With the pictures left out, write out exactly the lines of the listing below that run from the line with "A bubbly hem" through the line with "12月30日,国家发展改革委".

Records provided below:

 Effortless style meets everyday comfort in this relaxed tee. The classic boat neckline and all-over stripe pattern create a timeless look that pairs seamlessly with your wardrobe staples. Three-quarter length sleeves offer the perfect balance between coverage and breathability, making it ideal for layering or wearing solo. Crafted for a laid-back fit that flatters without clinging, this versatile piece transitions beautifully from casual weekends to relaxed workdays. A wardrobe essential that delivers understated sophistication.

End of Records provided.
Records provided below:

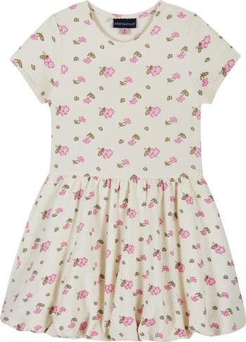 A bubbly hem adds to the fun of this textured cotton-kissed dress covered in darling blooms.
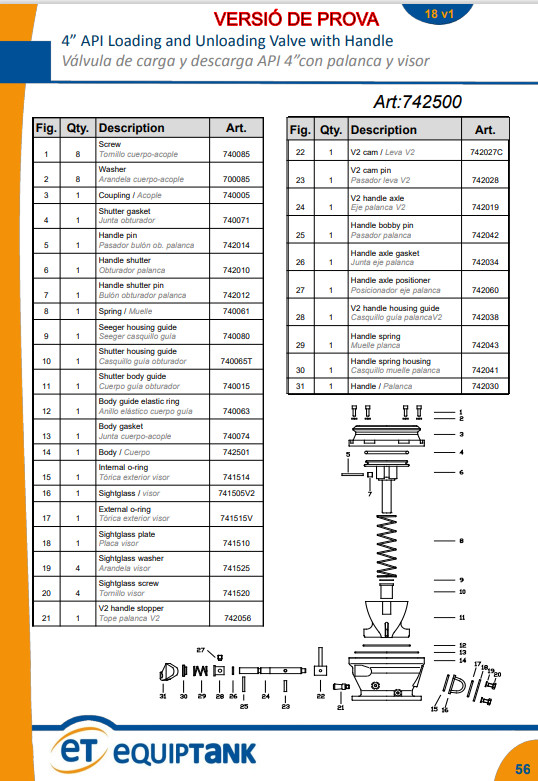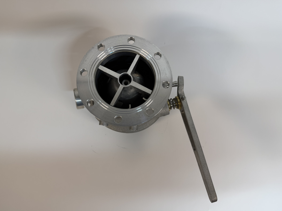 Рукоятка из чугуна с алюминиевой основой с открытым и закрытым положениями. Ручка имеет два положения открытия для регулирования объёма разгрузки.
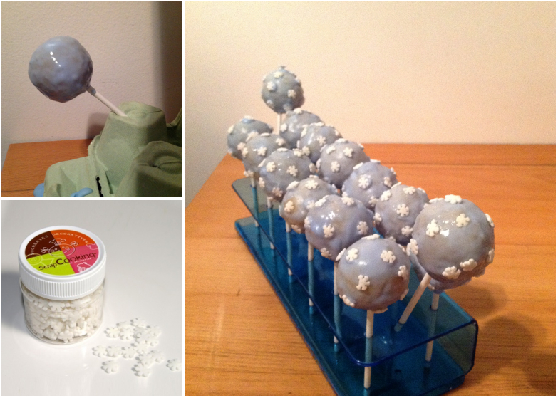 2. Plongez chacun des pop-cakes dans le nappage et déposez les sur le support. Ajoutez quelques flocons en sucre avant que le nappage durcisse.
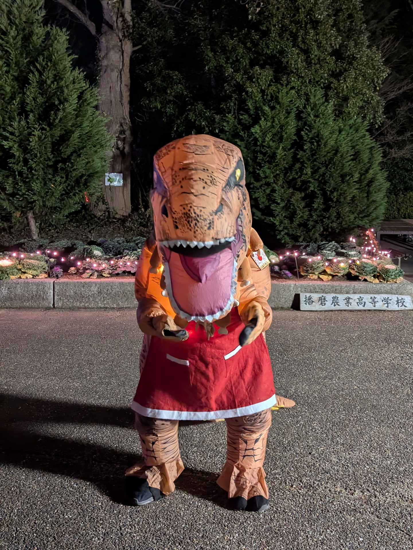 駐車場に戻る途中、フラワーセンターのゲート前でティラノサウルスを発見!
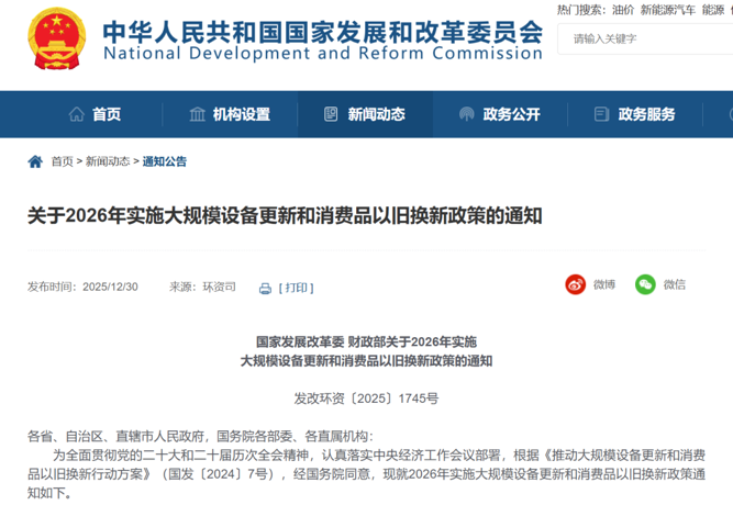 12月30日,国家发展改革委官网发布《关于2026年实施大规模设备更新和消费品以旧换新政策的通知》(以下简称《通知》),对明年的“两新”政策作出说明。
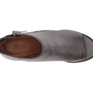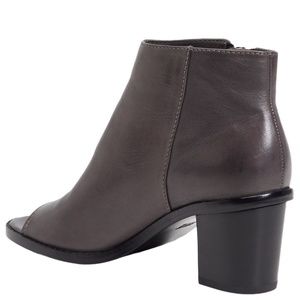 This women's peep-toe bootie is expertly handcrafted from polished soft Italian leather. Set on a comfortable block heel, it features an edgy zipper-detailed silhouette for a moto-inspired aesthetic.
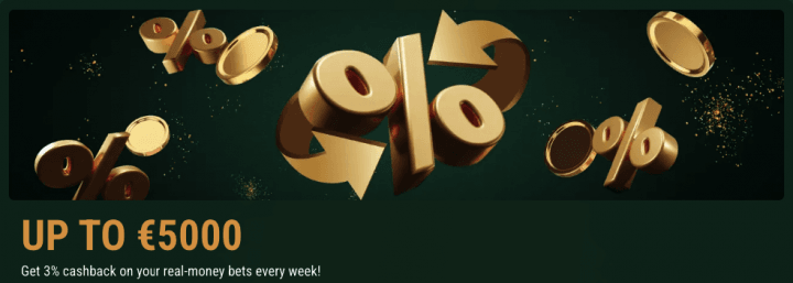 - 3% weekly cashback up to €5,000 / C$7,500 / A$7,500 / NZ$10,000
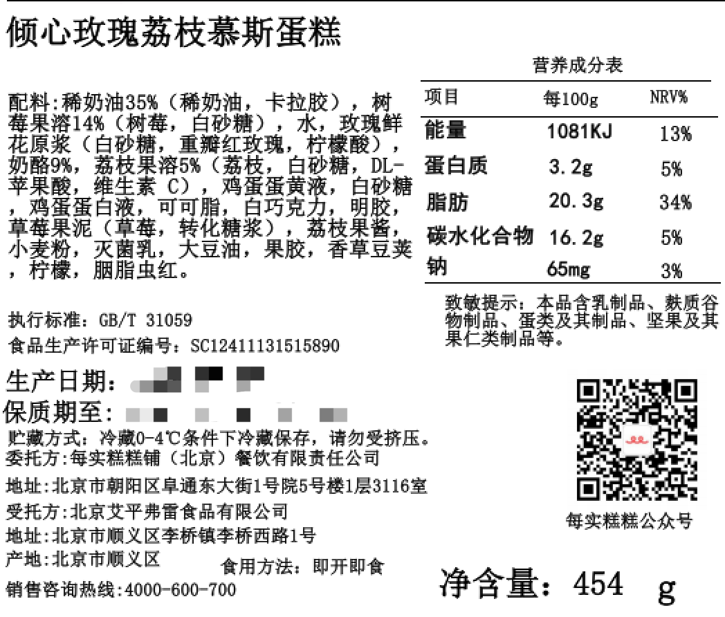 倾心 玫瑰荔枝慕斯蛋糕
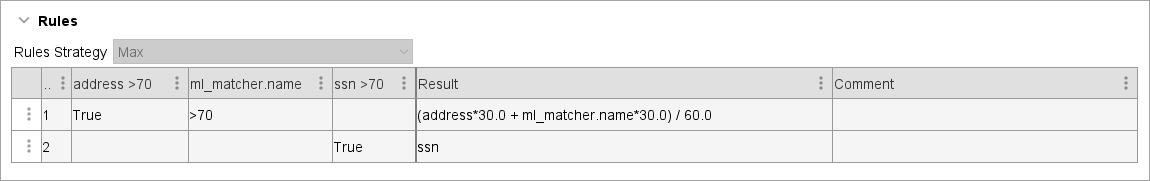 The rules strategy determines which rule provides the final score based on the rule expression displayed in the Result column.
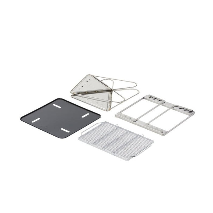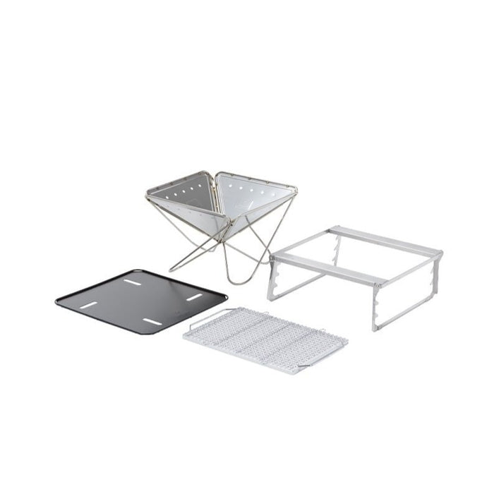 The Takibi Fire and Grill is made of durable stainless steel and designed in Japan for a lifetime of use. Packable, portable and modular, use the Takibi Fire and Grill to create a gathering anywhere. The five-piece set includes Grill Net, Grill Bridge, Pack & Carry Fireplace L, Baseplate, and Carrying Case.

End of Records provided.

Exercise output.
 A bubbly hem adds to the fun of this textured cotton-kissed dress covered in darling blooms.
 Рукоятка из чугуна с алюминиевой основой с открытым и закрытым положениями. Ручка имеет два положения открытия для регулирования объёма разгрузки.
 2. Plongez chacun des pop-cakes dans le nappage et déposez les sur le support. Ajoutez quelques flocons en sucre avant que le nappage durcisse.
 駐車場に戻る途中、フラワーセンターのゲート前でティラノサウルスを発見!
 12月30日,国家发展改革委官网发布《关于2026年实施大规模设备更新和消费品以旧换新政策的通知》(以下简称《通知》),对明年的“两新”政策作出说明。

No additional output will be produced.